▶ **Provided data**:
#####

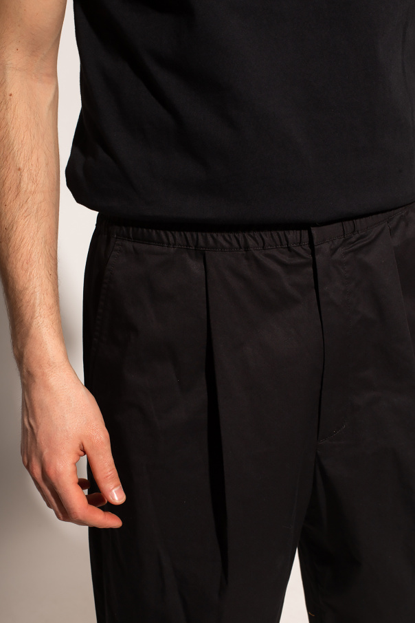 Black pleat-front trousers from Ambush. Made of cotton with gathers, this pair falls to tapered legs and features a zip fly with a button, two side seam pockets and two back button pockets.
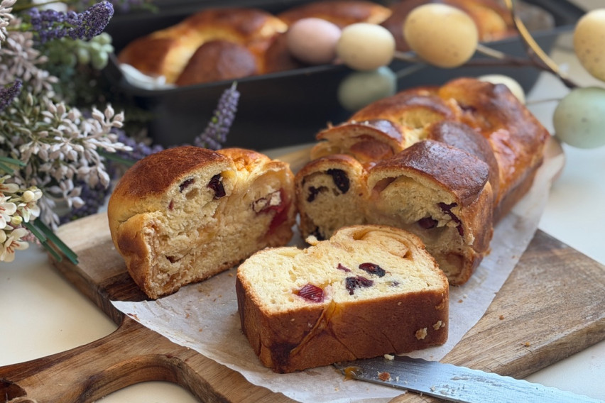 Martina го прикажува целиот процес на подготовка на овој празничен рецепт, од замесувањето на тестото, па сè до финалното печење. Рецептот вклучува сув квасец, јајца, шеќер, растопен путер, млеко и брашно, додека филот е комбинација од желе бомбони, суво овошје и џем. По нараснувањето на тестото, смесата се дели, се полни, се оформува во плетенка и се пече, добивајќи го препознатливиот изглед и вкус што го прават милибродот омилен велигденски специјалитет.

#####

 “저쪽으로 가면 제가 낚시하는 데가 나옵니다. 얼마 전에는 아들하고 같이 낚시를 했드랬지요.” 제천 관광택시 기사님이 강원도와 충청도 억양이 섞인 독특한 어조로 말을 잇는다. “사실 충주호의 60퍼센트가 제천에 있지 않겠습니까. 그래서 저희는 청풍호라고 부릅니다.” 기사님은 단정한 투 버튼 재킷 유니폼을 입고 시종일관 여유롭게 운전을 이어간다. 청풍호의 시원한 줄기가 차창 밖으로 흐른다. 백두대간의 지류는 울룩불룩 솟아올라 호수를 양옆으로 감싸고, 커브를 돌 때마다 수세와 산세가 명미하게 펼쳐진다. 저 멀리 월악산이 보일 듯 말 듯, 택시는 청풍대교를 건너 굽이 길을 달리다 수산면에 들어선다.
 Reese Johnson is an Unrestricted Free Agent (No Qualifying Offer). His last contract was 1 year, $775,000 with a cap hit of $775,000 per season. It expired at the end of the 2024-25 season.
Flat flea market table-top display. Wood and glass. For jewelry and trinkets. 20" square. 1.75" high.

#####

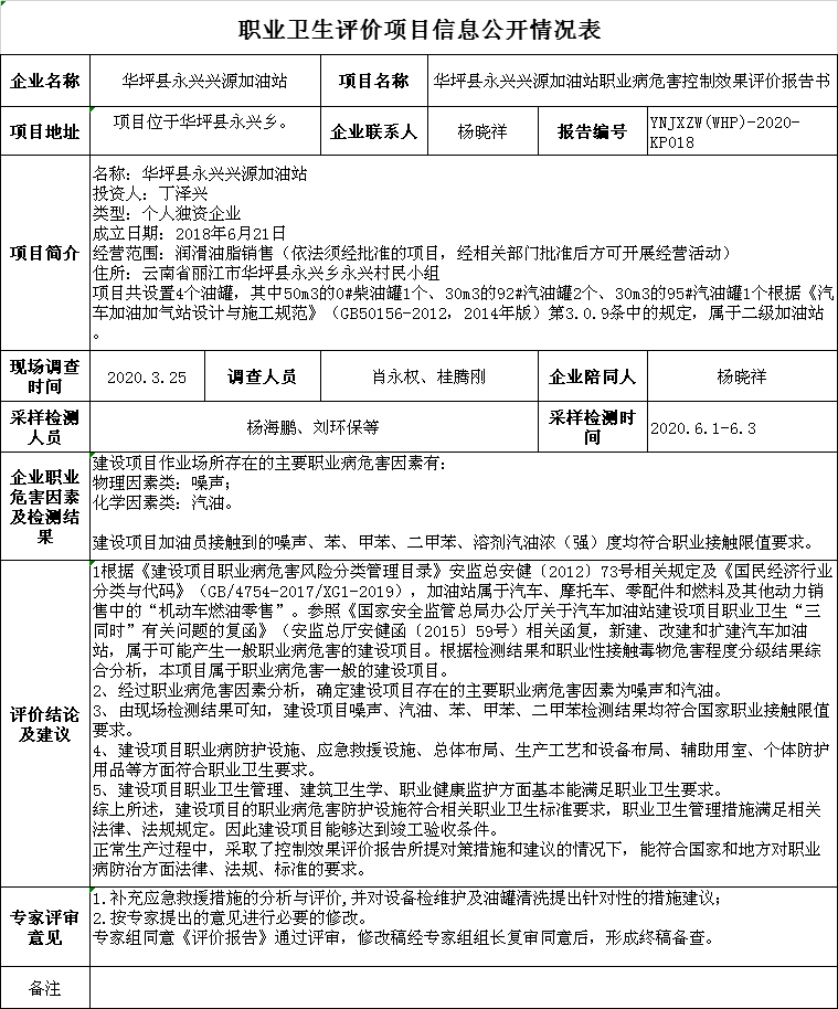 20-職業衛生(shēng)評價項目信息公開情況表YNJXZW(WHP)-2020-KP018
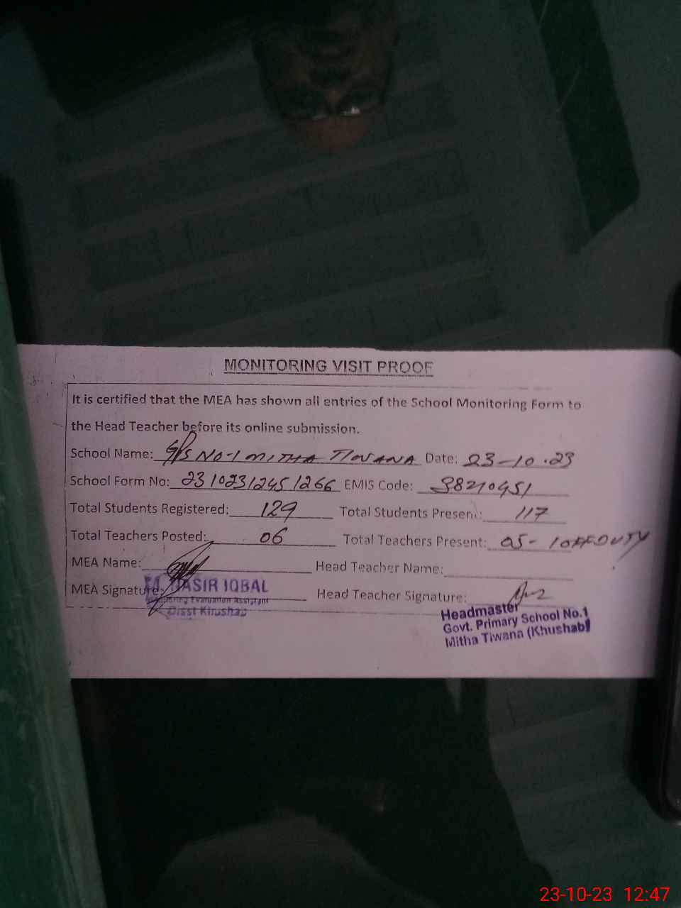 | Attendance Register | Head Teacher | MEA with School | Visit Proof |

#####

▶ **Your goal**:
A clean copy is needed of the lines above from the one with "Black pleat-front trousers" up to and including the one with "Martina го прикажува". Please set it down exactly, with no pictures.

▶ **Reply to the task**:
 Black pleat-front trousers from Ambush. Made of cotton with gathers, this pair falls to tapered legs and features a zip fly with a button, two side seam pockets and two back button pockets.
 Martina го прикажува целиот процес на подготовка на овој празничен рецепт, од замесувањето на тестото, па сè до финалното печење. Рецептот вклучува сув квасец, јајца, шеќер, растопен путер, млеко и брашно, додека филот е комбинација од желе бомбони, суво овошје и џем. По нараснувањето на тестото, смесата се дели, се полни, се оформува во плетенка и се пече, добивајќи го препознатливиот изглед и вкус што го прават милибродот омилен велигденски специјалитет.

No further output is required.